The reason why persons who receive this gift at the baptism of the Spirit do not afterwards speak in tongues is occasioned by the lack of its exercise. It is impromptu at the baptism, but afterwards almost entirely under the control of the speaker.

The following scripture confirms this view —

1 Corinthians 12:30, "Have all the gifts of healing? do all speak with tongues? do all interpret?"
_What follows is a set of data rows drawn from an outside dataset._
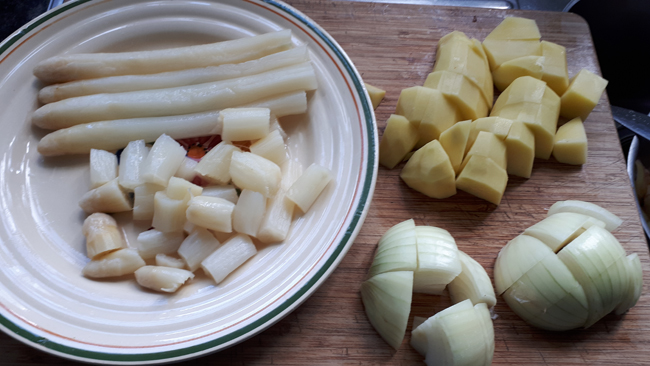 De ui, asperges en aardappelen schillen. De ui in stukken snijden, de asperges in stukken van 2 à 3 cm en de aardappelen eveneens in stukken snijden. |
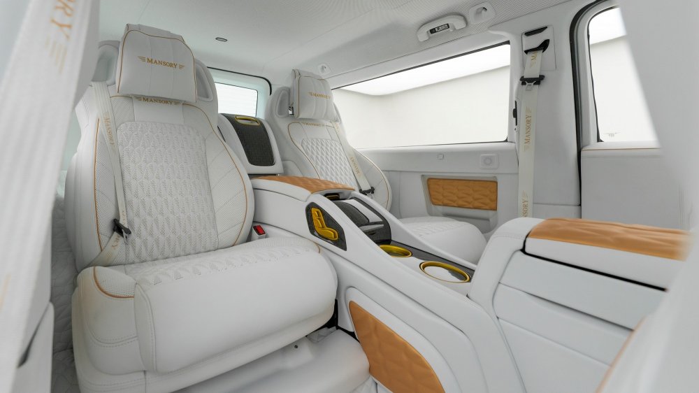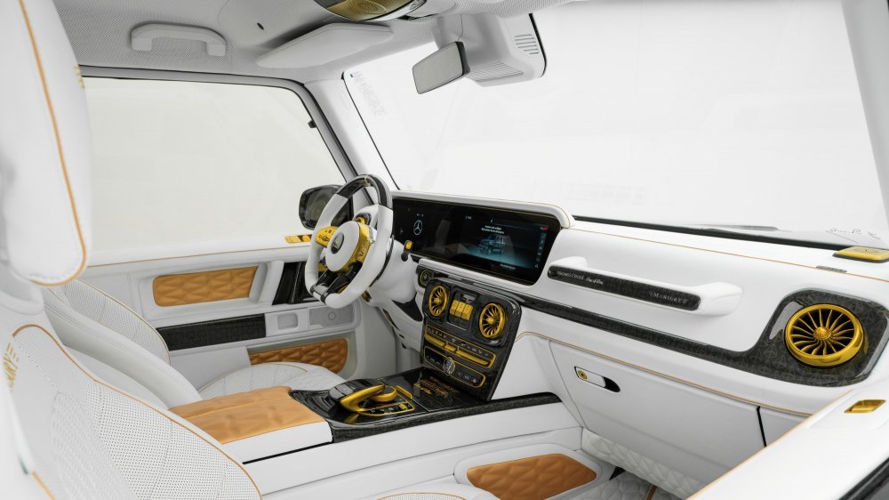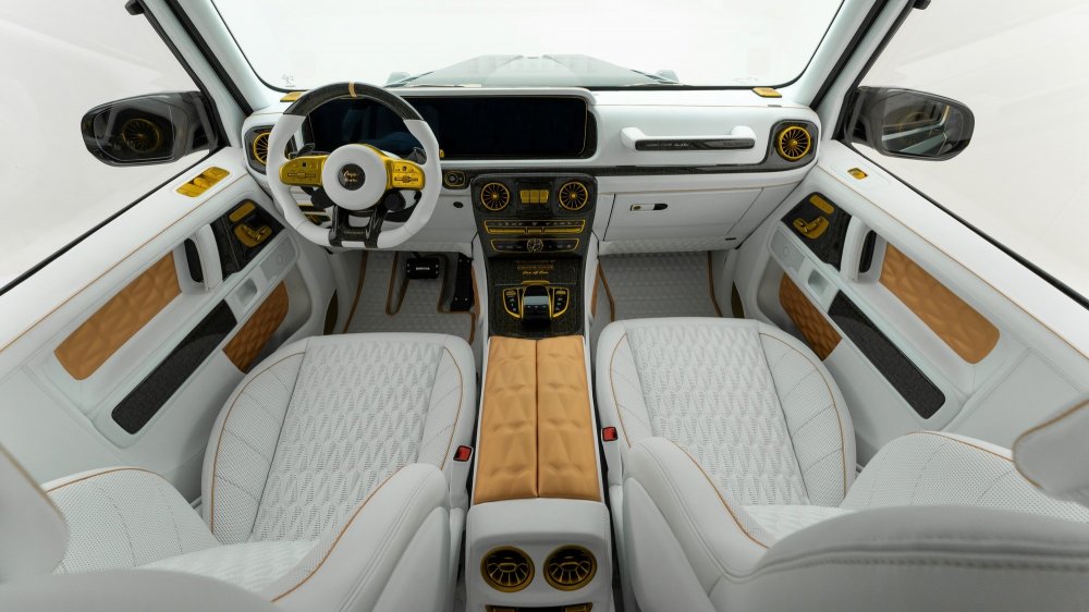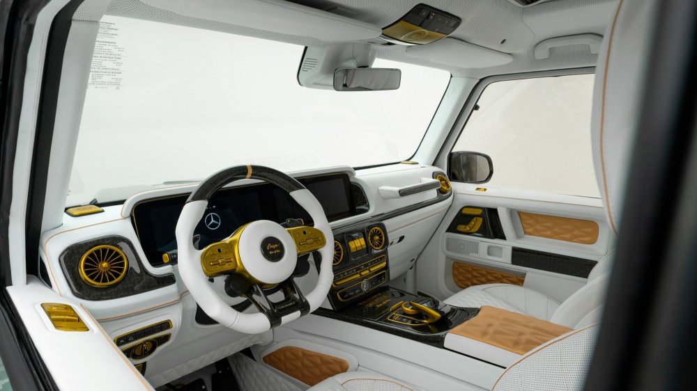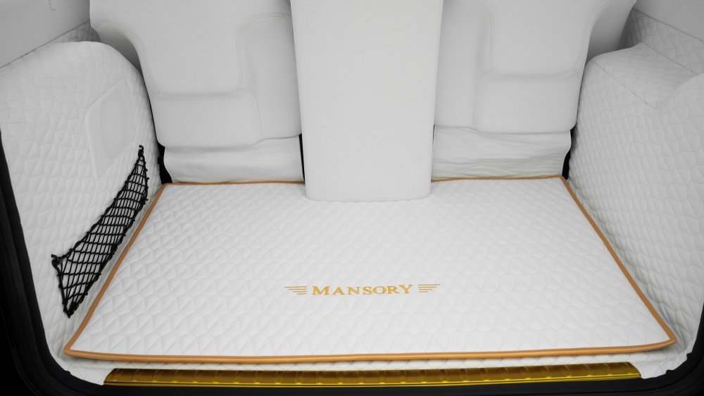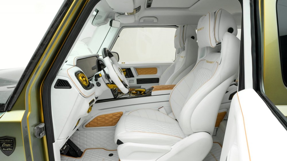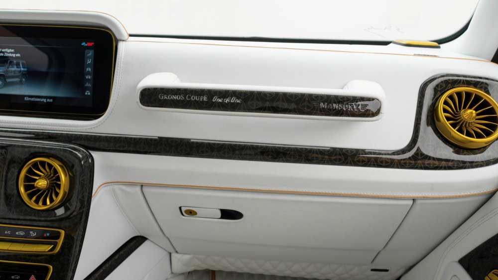 «Купе» на базе «гелика» разрабатывалось параллельно с трёхдверным Lamborghini Urus и примерно по тому же же рецепту, слово «купе» мы берём в кавычки потому, что на самом деле Mansory Gronos Coupe EVO C — это просто трёхдверный внедорожник: большая багажная «калитка» сохранена, а само багажное отделение, как и весь салон, отделано нежнейшей белой стёганой кожей с коричневыми вставками.
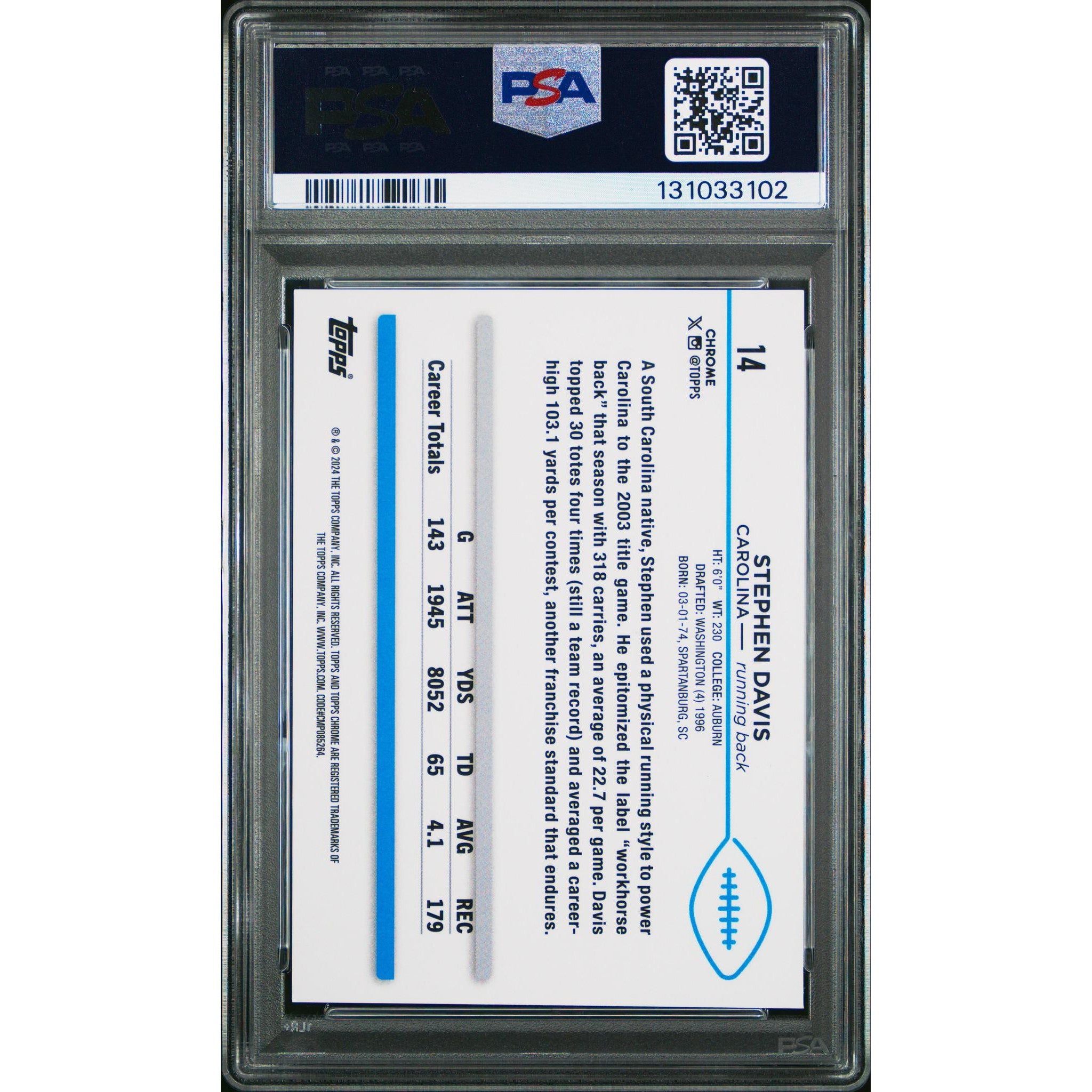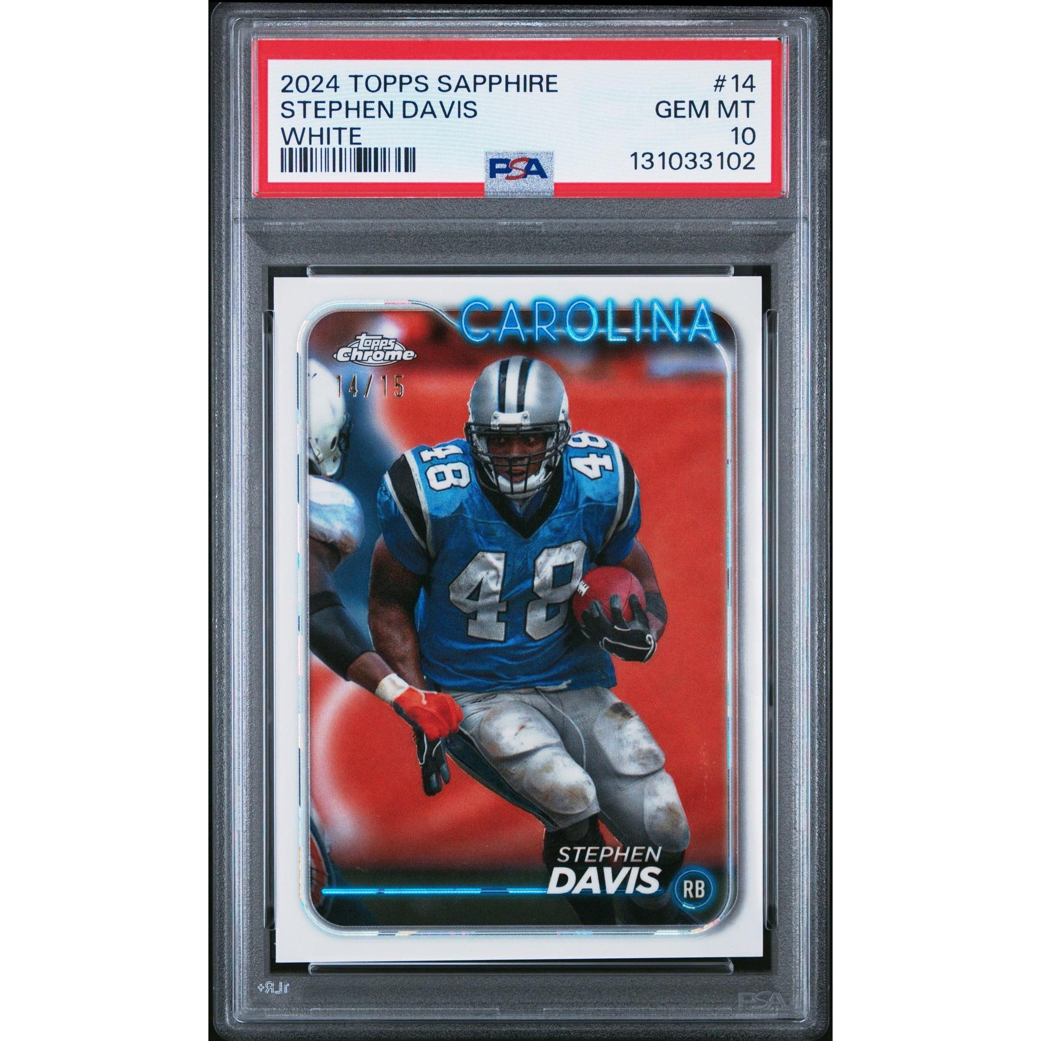 Elevate your collection with the 2024 Topps Sapphire White Stephen Davis #14, graded a flawless PSA 10. This clean, sharp White parallel highlights the former Pro Bowl running back with Topps’ signature Sapphire finish—crisp, modern, and highly display-worthy.
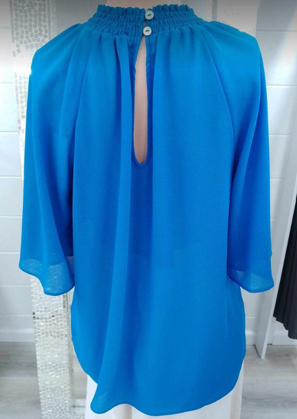 • Shirred neckline with double shell button closure and keyhole at centre back
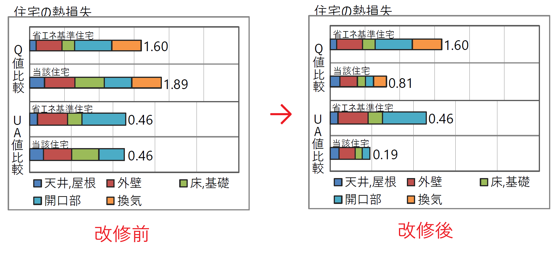 「新木造住宅技術研究協議会」の計算プログラム「QPEX」を使って、改修前と改修後の省エネ計算結果を比較しました。
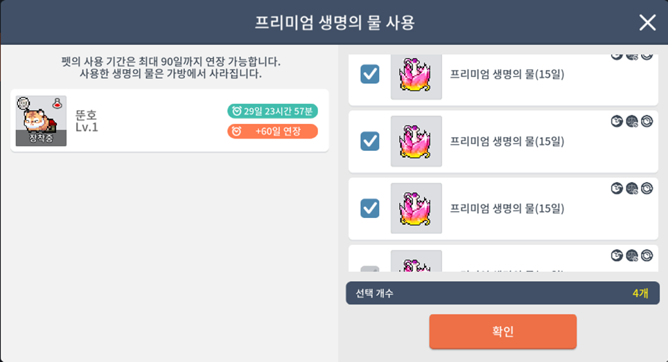 - 펫 기간 만료 팝업창의 위치를 조정하고, 생명의 물 구매 및 사용 버튼과 문구의 크기를 통일했습니다.

Speaking in tongues was as frequently given as a sign at the baptism of the Spirit in the days of the Apostles as it is to-day, but the silence of Scripture on the question of it being the initial sign negatives the claim that it must necessarily follow in every case. When we come to the Samaritan revival the Scripture positively declares that the converts received the Holy Spirit by the laying on of the Apostles' hands, yet there is no mention of the sign of speaking in tongues. Insistence upon this particular sign for every seeker, in face of these positive and negative affirmations of Scripture on the subject, means the violation of the reasonable and logical law that should govern the right dividing of the Word of truth. The claim based upon precept and example that tongues is the initial sign of the Baptism is not valid, because it is not stated to be the example in Acts 4, nor in Acts 8. Even if tongues were mentioned in both these scriptures it would not be a sound method to build doctrines on example. But if the speaking in tongues is not mentioned in the account of the Samaritan revival, there was undoubtedly some kind of physical manifestation as a result of the reception of the Holy Spirit, for Simon saw the effect of the laying on of the Apostles' hands. It would be most difficult to harmonise the view, that the gift of the Holy Spirit can be received by faith apart from any physical effect, with the declaration of our Lord in the seventh chapter of John:

If any man thirst, let him come unto Me, and drink. lie that believeth on Me, as the Scripture hath said, out of him shall flow rivers of living water. (But this spake He of the Spirit, which they that believe on Him should receive: for the Hoy Ghost was not yet given; because that Jesus was not yet glorified).